Problem statement » Transcribe, starting at the line with "ブロンズ:お誕生日月に全商品" and ending at the line with "8pm dinner at", every line of the material below exactly, but leave out the pictures and anything outside that span.

---- The records

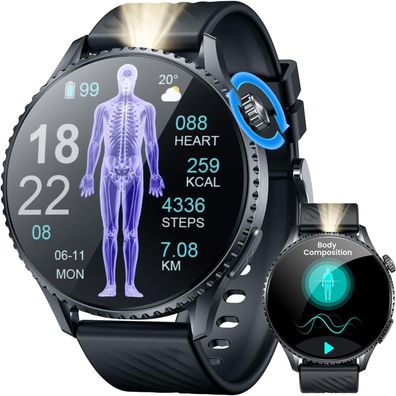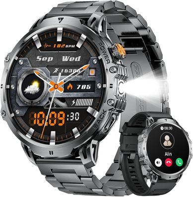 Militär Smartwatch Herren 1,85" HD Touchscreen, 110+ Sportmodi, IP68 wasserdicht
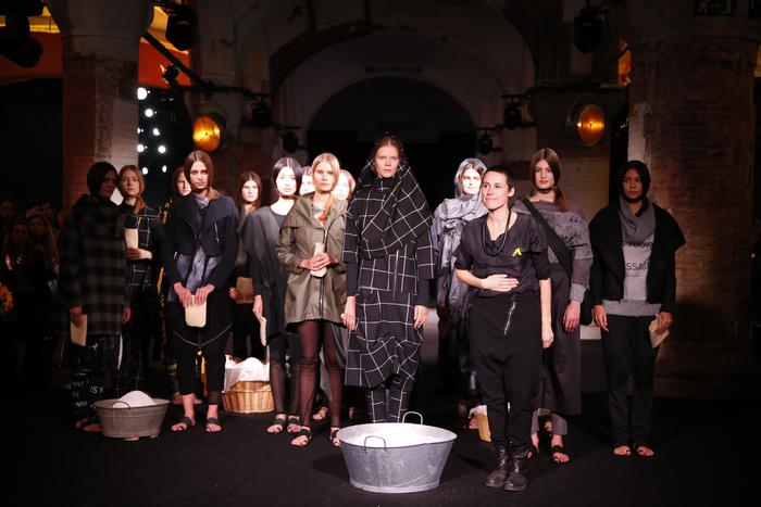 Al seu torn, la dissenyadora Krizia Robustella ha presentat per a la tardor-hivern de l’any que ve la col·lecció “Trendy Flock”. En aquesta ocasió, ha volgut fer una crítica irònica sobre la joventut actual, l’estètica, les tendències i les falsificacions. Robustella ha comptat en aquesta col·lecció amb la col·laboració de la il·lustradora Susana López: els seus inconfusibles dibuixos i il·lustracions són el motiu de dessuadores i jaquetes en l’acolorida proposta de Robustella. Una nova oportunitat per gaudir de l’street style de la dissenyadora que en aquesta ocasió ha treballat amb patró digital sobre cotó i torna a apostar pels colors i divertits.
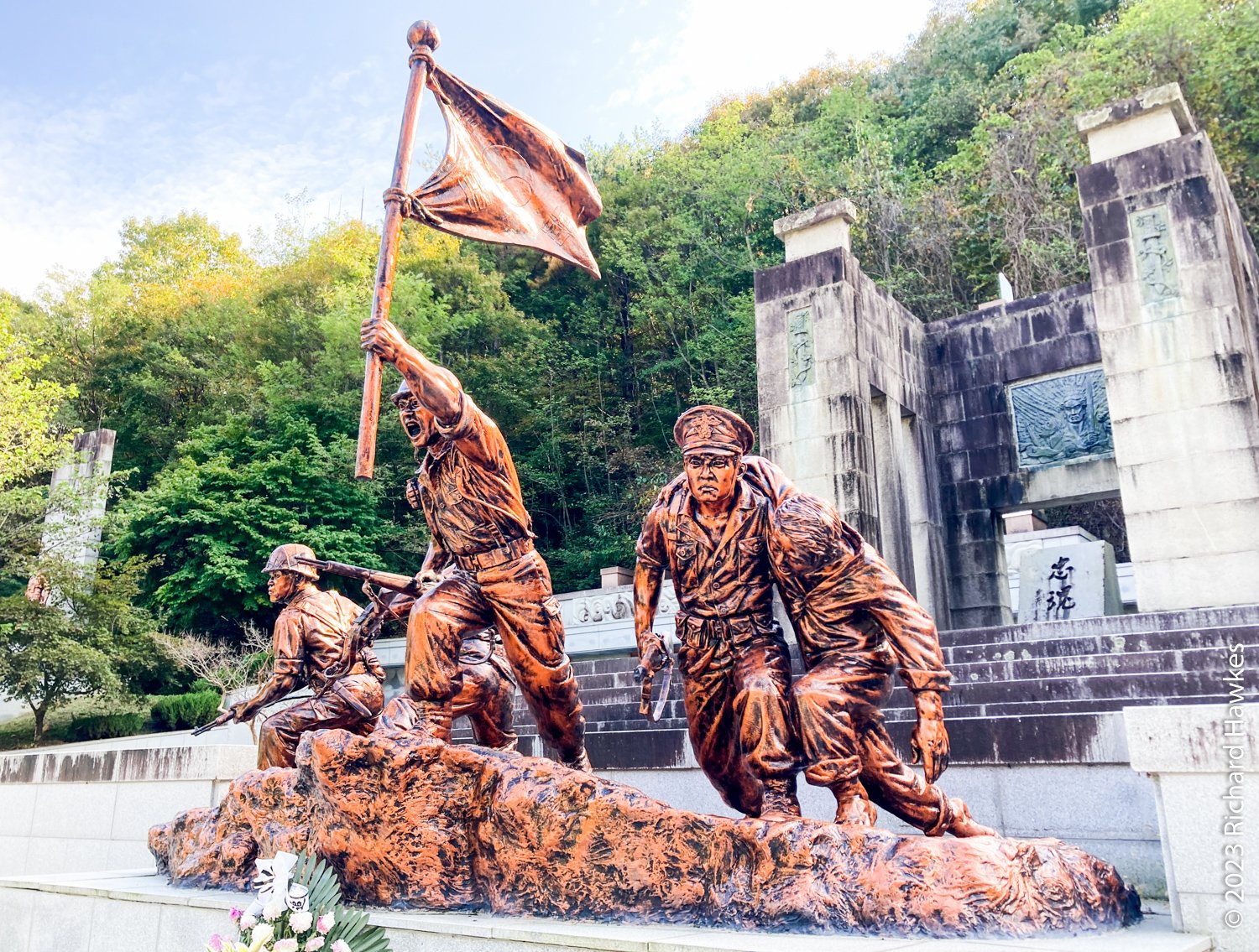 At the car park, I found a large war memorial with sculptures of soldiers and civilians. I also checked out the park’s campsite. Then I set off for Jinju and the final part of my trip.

--------
---- The records

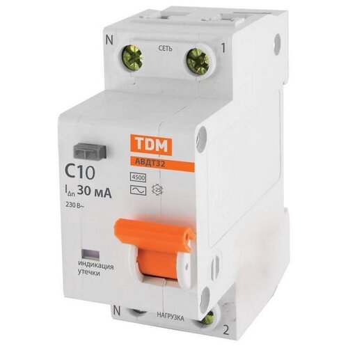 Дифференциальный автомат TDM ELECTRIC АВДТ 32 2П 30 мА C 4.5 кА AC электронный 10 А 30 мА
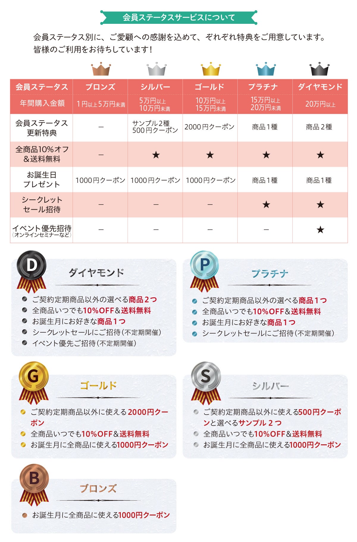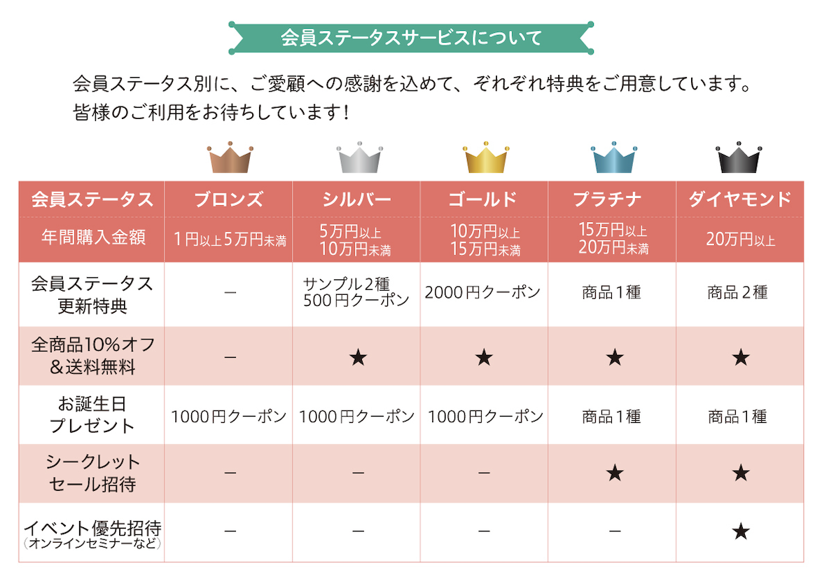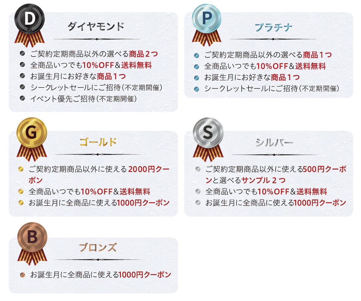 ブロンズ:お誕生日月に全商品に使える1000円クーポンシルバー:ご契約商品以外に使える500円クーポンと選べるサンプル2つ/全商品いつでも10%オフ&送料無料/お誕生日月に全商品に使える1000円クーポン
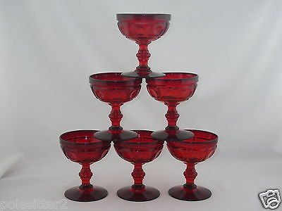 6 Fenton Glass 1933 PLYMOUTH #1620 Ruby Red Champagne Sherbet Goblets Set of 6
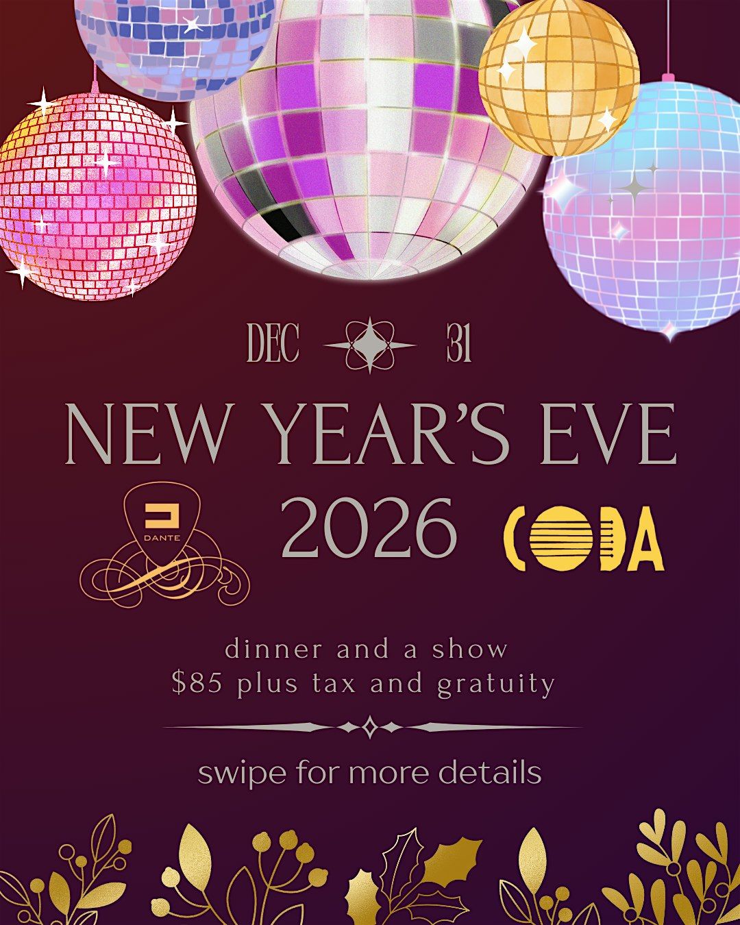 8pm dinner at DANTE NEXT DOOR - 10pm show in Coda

--------

Answer below »
 ブロンズ:お誕生日月に全商品に使える1000円クーポンシルバー:ご契約商品以外に使える500円クーポンと選べるサンプル2つ/全商品いつでも10%オフ&送料無料/お誕生日月に全商品に使える1000円クーポン
 6 Fenton Glass 1933 PLYMOUTH #1620 Ruby Red Champagne Sherbet Goblets Set of 6
 8pm dinner at DANTE NEXT DOOR - 10pm show in Coda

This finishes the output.